Task statement - The needed output is the run of lines below from the one containing "Join us on an" through the one containing "I need to build", copied exactly and free of pictures.

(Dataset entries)
-*-*-
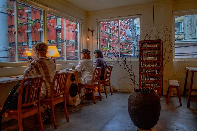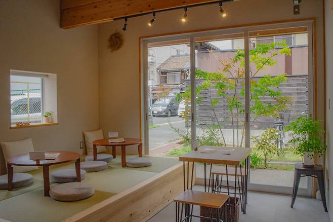 바깥에는 간판도 없어서 '여기가 맞나' 싶다면 아마 잘 찾았을 가능성이 큰 곳이다. 갤러리인지 카페인지 헷갈린다면 그것도 맞다. 일본에 있는 3개의 지점 중 신마치점은 Coherent Gallery라는 갤러리도 겸하고 있다. 차와 모찌(もち)를 즐기면서 현대 미술 작품을 감상할 수 있는 셈이다.
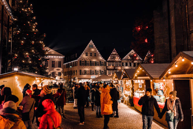 In der historischen Innenstadt von Öhringen, im fränkisch geprägten Nordosten von Baden-Württemberg, erstrahlt zur Adventszeit der Weihnachtsmarkt in vollem Glanz. Unter dem Motto "Winter, Wunder, Weihnachtsglanz" öffnet dieser zauberhafte Markt seine Tore an den ersten drei Adventswochenenden und lädt Besucher zu einem unvergesslichen vorweihnachtlichen Erlebnis ein. Die Große Kreisstadt Öhringen verzaubert ihre Gäste mit stimmungsvoller Beleuchtung und festlich geschmückten Marktständen, die eine breite Palette von Handwerkskunst und Geschenkartikeln bieten. Hier findet man mit Liebe gefertigte Unikate und originelle Geschenkideen für die Lieben. Die kulinarischen Köstlichkeiten reichen von duftendem Glühwein bis zur berühmten Hohenloher Bratwurst, die Gaumenfreuden für jeden Geschmack versprechen. Ein besonderes Highlight des Öhringer Weihnachtsmarktes ist das beliebte Bähnle auf dem Marktplatz. Die kleine Bahn nimmt die Besucher mit auf eine gemütliche Rundfahrt und trägt so zur besinnlichen Atmosphäre bei. (© FuM)
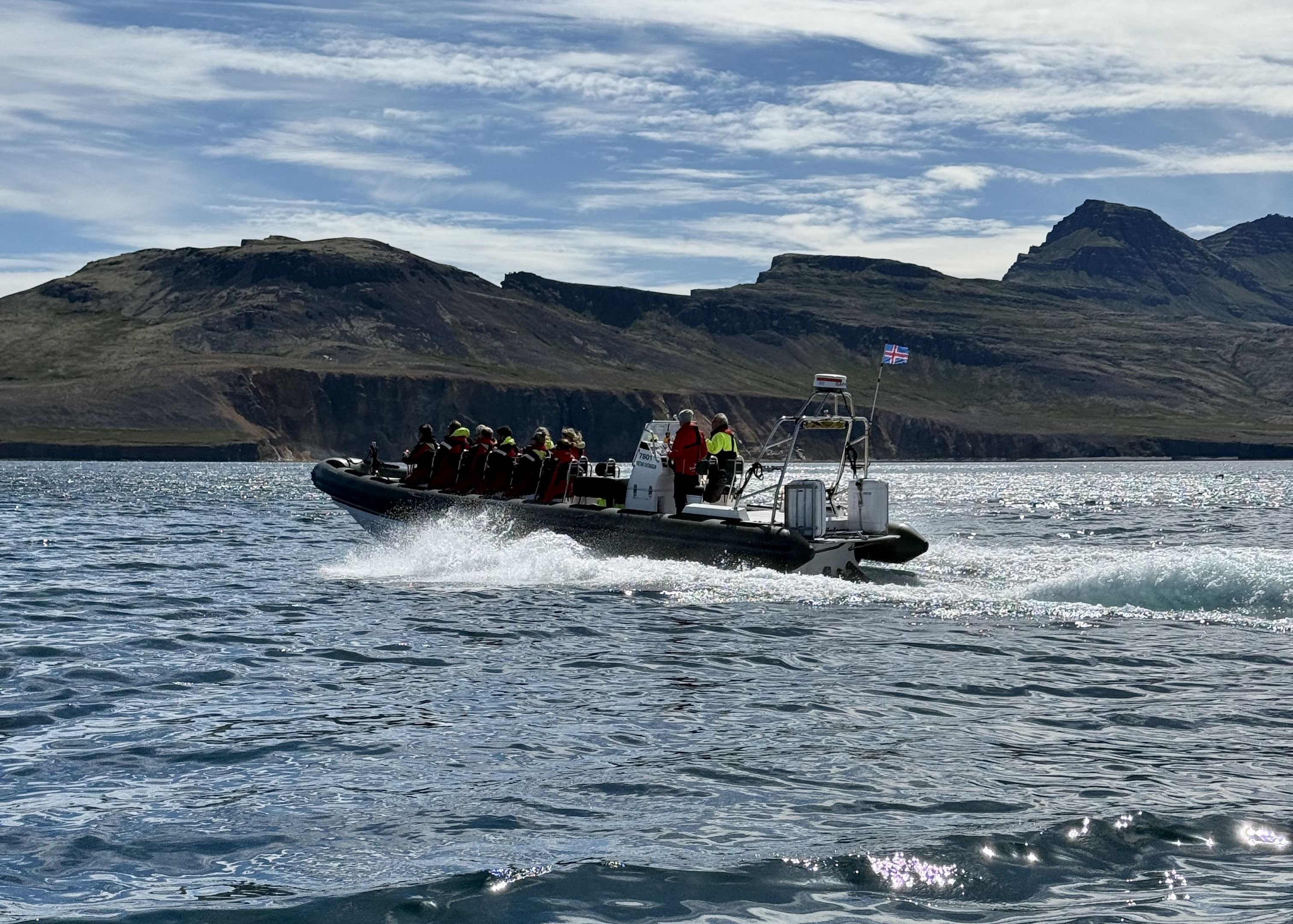 Join us on an unforgettable journey where dramatic landscapes, living stories, and the power of the ocean come together in one thrilling experience. Departing from the pier in the heart of Neskaupstaður, your guide welcomes you aboard a fast and stable RIB boat. From the first moment, you are embraced by the scent of salt in the air, the rush of the sea breeze, and views that take your breath away.
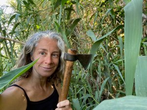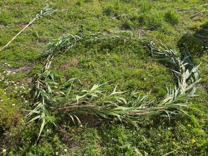 I need to build some sort of light frame to weave the branches onto, and have spotted some canes that have already fallen and are crushing a small fig tree:
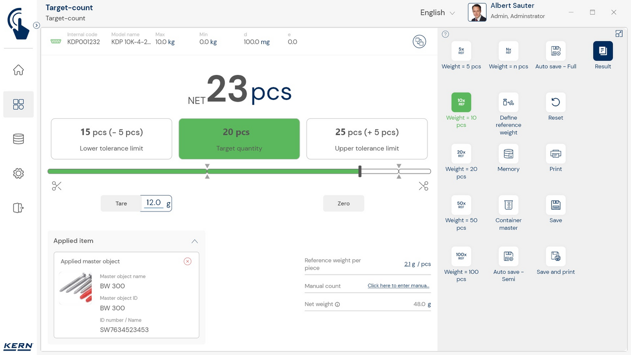 - Genaues Zählen: Die automatische Referenzoptimierung verbessert stufenweise den Durchschnittswert des Teilegewichts
-*-*-
Your solution -
 Join us on an unforgettable journey where dramatic landscapes, living stories, and the power of the ocean come together in one thrilling experience. Departing from the pier in the heart of Neskaupstaður, your guide welcomes you aboard a fast and stable RIB boat. From the first moment, you are embraced by the scent of salt in the air, the rush of the sea breeze, and views that take your breath away.
 I need to build some sort of light frame to weave the branches onto, and have spotted some canes that have already fallen and are crushing a small fig tree:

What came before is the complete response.